Rome (NEV / Waldensian Diaconate), October 12, 2019 – The Commission for Waldensian Diaconate  (CSD) published a statement on the anniversary of the Lampedusa shipwreck of October 3, 2013, which saw 368 victims and 20 missing at sea, following the sinking of a boat full of migrants, just a few meters from the port of the Sicilian island.
The CSD takes a position on the issue of Ius Culturae, the right of citizenship for minors who grow up and are formed in Italy, following the political debate on this issue  rekindled in these days.
“In Italy there are about five hundred thousand children and teen-agers born in our country who are not Italian citizens and there are hundreds of thousands more who arrived in Italy when they were very young. They attend school and prepare to live their life here, but, due to their administrative condition, they cannot travel abroad like their companions, they cannot practice competitive sports and their stay is linked to the renewal of their parents’ residence permit . They are boys and girls who will work side by side with our children, who will teach, who will buy a house and build their lives in our country, to whom we will rely in our old age, who will take responsibilities in our communities. Isn’t it fair to give them citizenship? Is it not wiser to guarantee stability? Is this not a truly effective way to guarantee security in our cities of tomorrow? If ‘even the sparrow has found a home, and the swallow a nest for herself where she may have her young…. (Psalm 84.3)’, why should these boys and girls live in permanent anxiety of being in a country that does not want them? The Waldensian Diaconate, which for years has been engaged in various reception projects, considers a law to remedy this situation, indispensable and urgent. It costs nothing and helps us and them”.

On occasion of the National Radio program “To be church together” of Sunday October 6, also Paolo Naso, coordinator of the Migrants and Refugees program  – Mediterranean Hope (MH) of the Federation of Protestant Churches in Italy (FCEI), underlined the three main reasons for which the Italian Protestant Churches have been affirming for years the urgency of such a law.

The first is that they are convinced that a society which does not give civil representation to those who study, work, do business in our midst, is a limited democracy and dangerously marked by a lineage privilege that, in the face of modern mobility, appears obsolete and even dangerous. What is the point in securing the vote of an Italian native who may have been absent from his or her country for decades and deny it, instead, to the young son of migrants who dreams of being a policeman or a magistrate?
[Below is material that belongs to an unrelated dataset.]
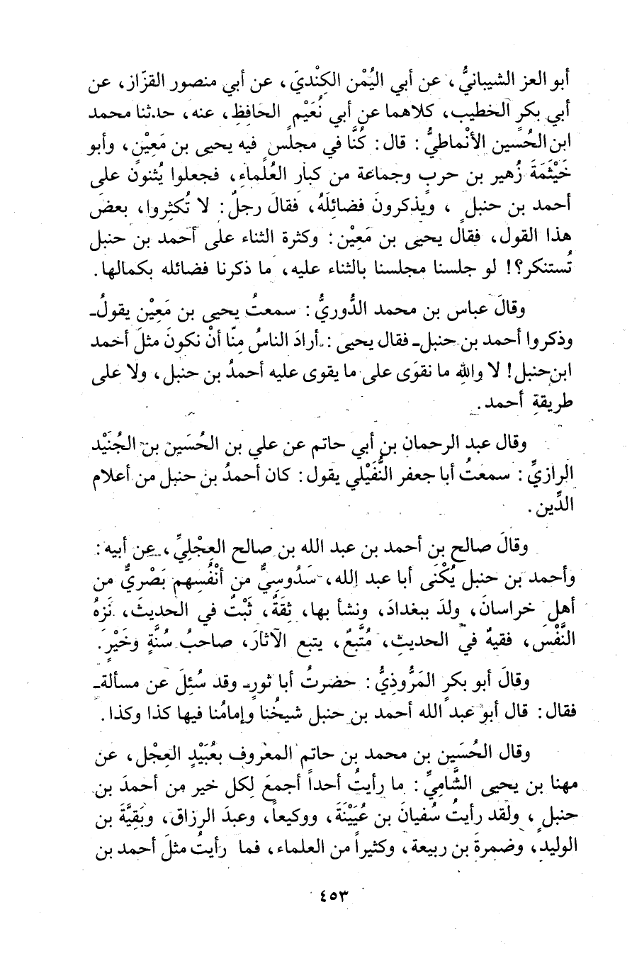 أَبُو الْعِزِّ الشَّيْبَانِيُّ، عَن أَبِي الْيُمْنِ الْكُنْدِيِّ، عَن أَبِي مَنْصُورٍ الْقَزَّاز، عَن أَبِي بَكْر الْخَطِيب، كلاهما عَن أَبِي نعيم الْحَافِظ، عنه، حَدَّثَنَا محمد ابن الحسين الأنماطي: قال: كنا فِي مجلس فيه يحيى بْن مَعِين، وأَبُو خيثمة زهير بْن حرب وجماعة من كبار العلماء، فجعلوا يثنون على أَحْمَد بْن حنبل، ويذكرون فضائله، فَقَالَ رجل: لا تكثروا، بعض هذا القول، فَقَالَ يحيى بْن مَعِين: وكثرة الثناء على أَحْمَد بْن حنبل تستنكر؟ ! لو جلسنا مجلسنا بالثناء عَلَيْهِ، ما ذكرنا فضائله بكمالها.

The second reason is that Italian Protestant churches are convinced that, together with their Italian peers, young migrants grown up in Italy, constitute a precious human and social heritage, a capital of ideas, energies and hopes of which our society, in obvious demographic decline, has a great and urgent need.
Finally, they affirm the value of citizenship because they believe in the value of a cohesive society, united around a civil pact and the fundamental principles of our constitutional order. Through decades, thousands of African, Asian and Latin American migrants have become part of the Italian evangelical churches, contributing to their growth and their revitalization. And today Italian evangelism is multilingual, multi-ethnic and inter-cultural. Going along this road has not been easy, but today this experiment can be considered consolidated and makes us see the potential of a society that welcomes, integrates and includes. Also thanks to a passport.